Rooted in material culture, his design philosophy is always evolving. “Simple lines mixed with rich details and fine materials are the hallmarks of my objects,” he explains. “It’s a revival of the ‘50s, ‘60s, and ‘70s avant-garde sleek styling re-interpreted with today’s furnishing trends. I believe it’s the ‘tale’ that is the aesthetic side of each object. Whether you belong to the tale or not, you still react to it.”
And it also includes a deep commitment to international design. “Design should be universal and versatile [rather] than tied to a particular culture or ethnic background. It should appeal to a wider audience and adapt to different spaces and tastes. But, designs that evoke certain cultures gain the interest and attention of certain clients and the recognition and exposure of global design. There are more sensitivities and constraints [that] a designer should consider when designing for the Middle East [when compared to] other regions – notably cultural, political or religious aspects,” he reflects.
‘The Nomad’, Shafar’s overwhelmingly popular – and extended – interactive public exhibition at London’s Chelsea College of Arts as part of the Shubbak festival was revealed in Dubai at d3 during Design Week 2015. Inspired by a collaboration with the American Hardwood Export Council (AHEC), “the concept brings historical architecture and the traditional material of arish (palm fronds), rethinking it into a format for the 21st Century – a ‘reappropriation’ as it were. It’ s made from my preferred material, wood (African Teak),” Shafar explains.

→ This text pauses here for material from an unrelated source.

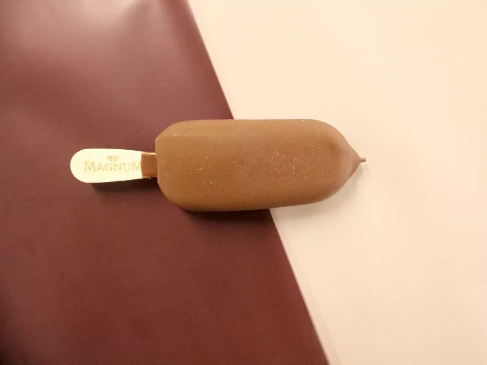冰淇淋简单得有点可爱,咬上面巧克力味,咬下面牛奶味,咬中间就是巧克力牛奶味。相比较从前的2元版本,用料都高级了不少,巧克力略微有点苦,牛奶香甜醇厚,整体口感顺滑。

The result was phenomenal. “It made strangers get closer in enclosures, removed all communication barriers and opened a space for interaction and connection. It carries a social message for architecture in the UAE, exploring how old methodologies and architectural components can be re-purposed to fit our current lifestyle.”

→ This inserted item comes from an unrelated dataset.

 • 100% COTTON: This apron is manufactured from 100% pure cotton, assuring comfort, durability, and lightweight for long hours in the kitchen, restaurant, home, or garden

But his heart is always in the UAE. “Culturally inspired yet contemporarily presented, my design approach revolves around defining some UAE design aesthetics and attributes. I think the Illusion line illustrates how Dubai can be seen in my objects. It was inspired by my love of city life: the buzz, the vibrancy, the many cultures; a tribute to my yearning for city life. The Illusion stool for me is my Dubai,” he explains.

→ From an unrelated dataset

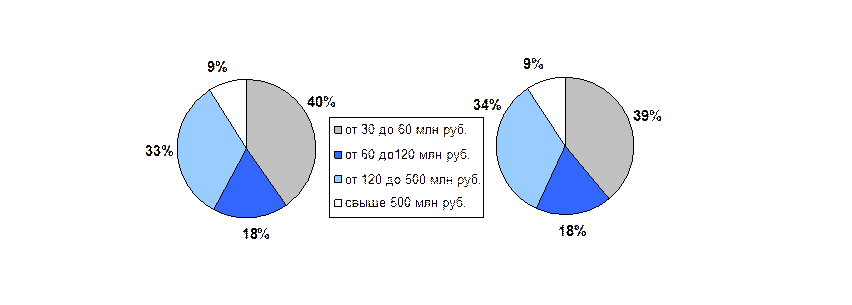 Распределение страховщиков по группам в зависимости от величины уставного капитала за прошедший год практически не изменилось. По итогам 2008 года доля страховых организаций с уставным капиталом от 30 до 60 млн. рублей сократилась на один процентный пункт по сравнению с 2007 годом. Доля страховых организаций с уставным капиталом от 120 до 500 млн. рублей выросла с 33% до 34%. Диаграмма 2.2. Распределение страховых организаций в зависимости от размера уставного капитала, 2007-2008 гг.
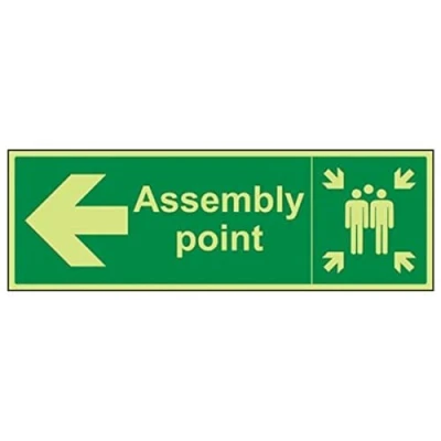 Helps to fulfil legal obligations to inform of the direction in which safety can be reached as per Health and Safety (Safety Signs & Signals) Regulations 1996 Conforms to EN ISO 7010:2012 by featuring a green background with a white pictogram or text positioned centrally Landscape Orientation. Sign reads "Assembly Point" Highly durable Glow In The Dark 1mm plastic material and screen printed message will stand the test of time Sign measures 600 x 200mm.

His favourite line is The Palm, first introduced in his 2012 collection and still evolving. “It gained international recognition and has become a signature for my brand. Another line is Arabi, made using unconventional material, the egal that men in the Arab region traditionally wear on top of their head covers.”
Refreshingly, Shafar is a committed ambassador for the region’s design scene, mentoring young UAE creative entrepreneurs as part of the ADMAF/British Council initiative, The Cultural Excellence Fellowship. “My advice to aspiring designers is to think global and act global. Two things will make you stand out in the crowd: the quality of your work, and the benchmark and position you set for yourself and your brand.”
His thoughts on the future of design Dubai are bright: “Dubai is leading the fast movement in this part of the world. Internationally, the debate between technology integration in design and design materiality and the ‘making culture’ will continue and evolve, creating a new breed of hybrid design.” We can’t wait for him to lead the way.